• [WORK REQUEST]:
Please repeat the data exactly. Any picture in it stays out.

================================

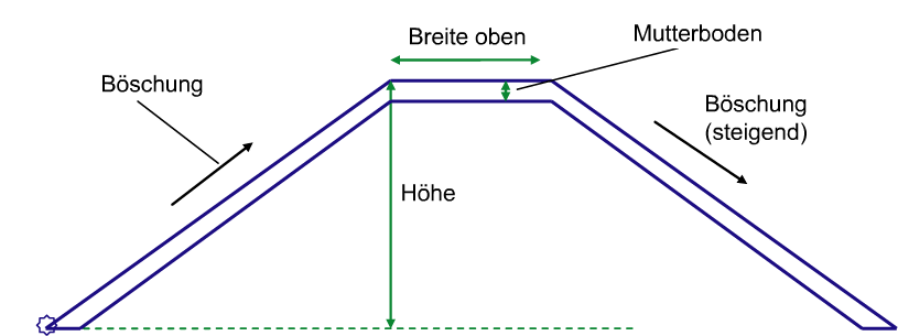 | Breite Oben | Breite dem oberen Rand des Lärmschutzwalls. | Numerisch, positiv |
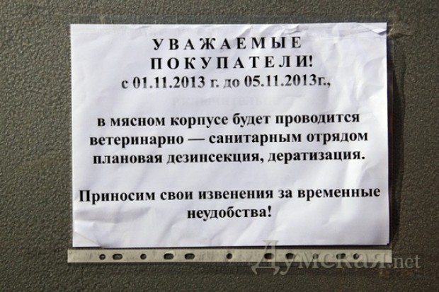 С сегодняшнего дня закрыт Мясной корпус на одесском рынке «Привоз». Как передает корреспондент «Думской», на закрытых дверях висит объявление о том, что в корпусе проводятся «санитарные мероприятия», которые продлятся до 5 ноября. То же самое говорят и в администрации рынка.
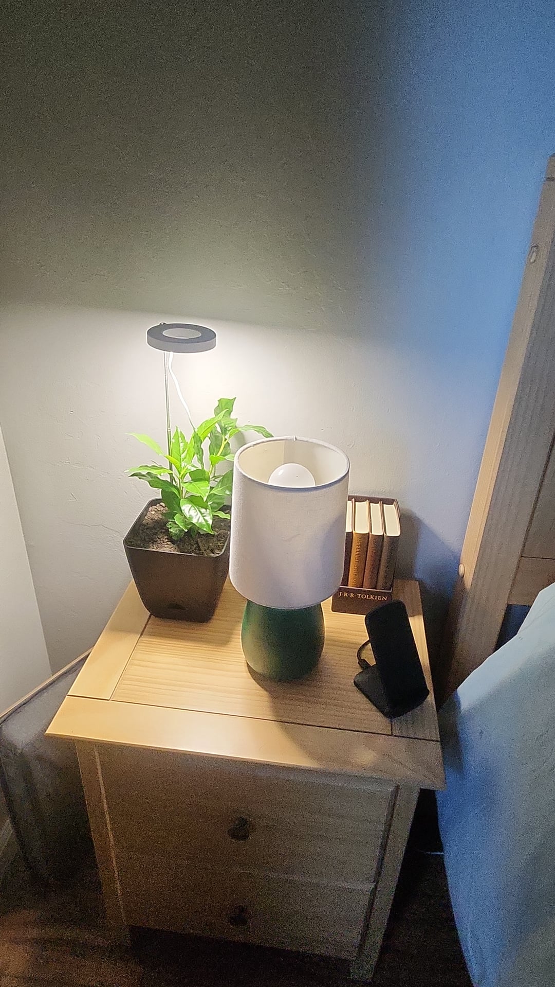 Stuck it in a relatively dark corner of my bedroom but added one of these grow lights with a timer from Amazon. Seems OK but it has only been a week.
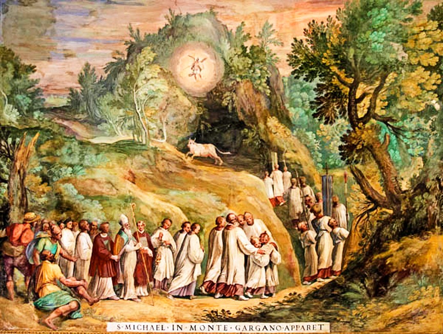 Shocked, he went to the Bishop of Siponto, Lorenzo and told what had happened. Bishop Lorenzo prescribed three days of prayer and fasting. On the third day, the Archangel Michael revealed himself to the Bishop, with the invitation to dedicate that cave to Christian worship. But Lorenzo hesitated and did not execute the will of St Michael because the pagan cult was still very much alive on the mountain where the cave was located.
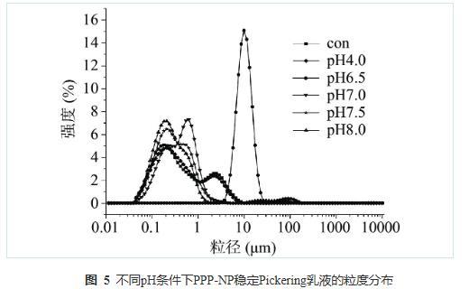 2.5 pH對PPP-NP穩(wěn)定Pickering乳液粒徑分布的影響
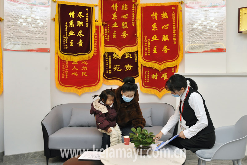 鼎泰物業(yè)的工作人員為業(yè)主辦理業(yè)務(wù)。
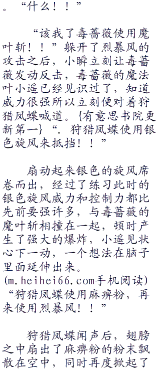 “你。。你的话是什么意思??”听到了小瞬的话后,小遥先是一愣,不过很快的就恢复了过来皱着眉头说道。她可是很认真的在跟狩猎凤蝶做训练的,而且最重要的是,狩猎凤蝶自己也相当的努力,可是他却说自己的狩猎凤蝶只是半吊子,实在是太可恶了这个家伙。饶是脾气再好也忍不住了。
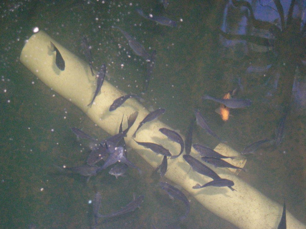 File comment: Happy little fishies! (SP and a few comets.) PVC pipe is 90mm diameter.
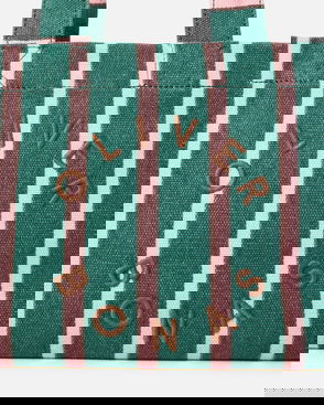Dark Green & Pink Striped Logo Fabric Tote Shopper Bag
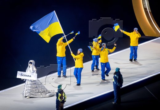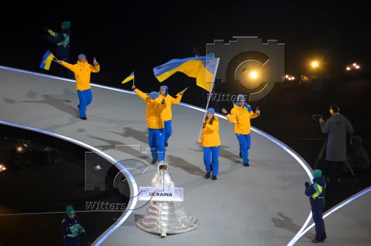 Team Ukraine mit Fahnentraegerin Jelysaweta Sydjorko (Shorttrack)

================================

• [RESPONSE BOX]:
 | Breite Oben | Breite dem oberen Rand des Lärmschutzwalls. | Numerisch, positiv |
 С сегодняшнего дня закрыт Мясной корпус на одесском рынке «Привоз». Как передает корреспондент «Думской», на закрытых дверях висит объявление о том, что в корпусе проводятся «санитарные мероприятия», которые продлятся до 5 ноября. То же самое говорят и в администрации рынка.
 Stuck it in a relatively dark corner of my bedroom but added one of these grow lights with a timer from Amazon. Seems OK but it has only been a week.
 Shocked, he went to the Bishop of Siponto, Lorenzo and told what had happened. Bishop Lorenzo prescribed three days of prayer and fasting. On the third day, the Archangel Michael revealed himself to the Bishop, with the invitation to dedicate that cave to Christian worship. But Lorenzo hesitated and did not execute the will of St Michael because the pagan cult was still very much alive on the mountain where the cave was located.
 2.5 pH對PPP-NP穩(wěn)定Pickering乳液粒徑分布的影響
 鼎泰物業(yè)的工作人員為業(yè)主辦理業(yè)務(wù)。
 “你。。你的话是什么意思??”听到了小瞬的话后,小遥先是一愣,不过很快的就恢复了过来皱着眉头说道。她可是很认真的在跟狩猎凤蝶做训练的,而且最重要的是,狩猎凤蝶自己也相当的努力,可是他却说自己的狩猎凤蝶只是半吊子,实在是太可恶了这个家伙。饶是脾气再好也忍不住了。
 File comment: Happy little fishies! (SP and a few comets.) PVC pipe is 90mm diameter.
Dark Green & Pink Striped Logo Fabric Tote Shopper Bag
 Team Ukraine mit Fahnentraegerin Jelysaweta Sydjorko (Shorttrack)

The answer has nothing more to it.